Different facilities will use different systems to store patient information. Even when two facilities use the same system, they can be customized to individual needs. Part of the success of the PCORI network is that it is agnostic to the system used in health centers. “We don’t care what they’re using,” says Hernandez. “The centers are simply asked to map a common data model. That places everyone on the same common playing field with a common language. We now have over 80 systems that have done that.”
Hernandez likes to state that good data is necessary, but it is not the only requirement to conducting a successful trial. First you have to have the right patients. While the patient population required for a trial certainly exists out there, they can be hard to find. Therefore, he believes proper patient identification and engagement is critical to meeting trial enrollment goals.

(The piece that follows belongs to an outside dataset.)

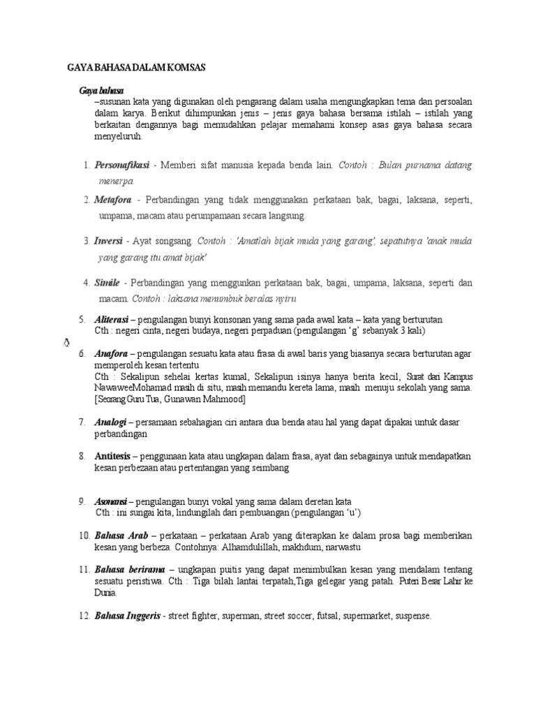 Personafikasi - Memberi sifat. Download View Nota Gaya Bahasa Dalam Komsas as PDF for free. Keindahan BahasaUnsur Gaya Bahasa dalam Genre Sastera 1.
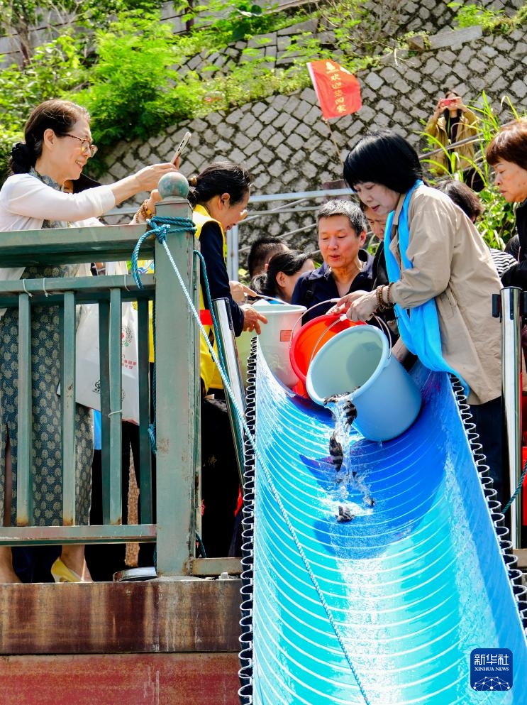 这是在福州市闽侯县白沙镇金钟阁畔举行的增殖放流活动现场(4月25日摄)。

“Patients were vital to the protocol design process,” says Hernandez. “They helped design the interface for the patient portal, and they were instrumental in helping to create the patient consent form, which ensured it was patient-friendly. They are also helping us to spread the word about why it is so important to participate in this study. That is a level of patient interaction that you don’t generally see in a clinical trial.”
The electronic patient interactions that were incorporated into this trial also helped to make it possible. Under normal circumstances, this type of study might see 100 eligible patients enter a participating clinic or health center every week. Hernandez notes there is no way a study coordinator would have the time to meet with each one of those patients to explain the benefits of participating in the trial and then get them registered for it. “Not only are we going directly to the patients with the details and the consent, we are relieving the study coordinators of that administrative burden so they can spend their time focusing on the patients themselves,” he says.
Hernandez is hopeful the ADAPTABLE study will change the way the industry looks at patient recruitment. The Duke Clinical Research Institute has a new trial starting this fall that will test influenza vaccines using the same principle of harnessing electronic health data to speed recruitment. “The CDM plays a pivotal role in EHR-driven research,” he adds. “When working with multiple institutions and systems, it provides the foundation we can build upon going forward.”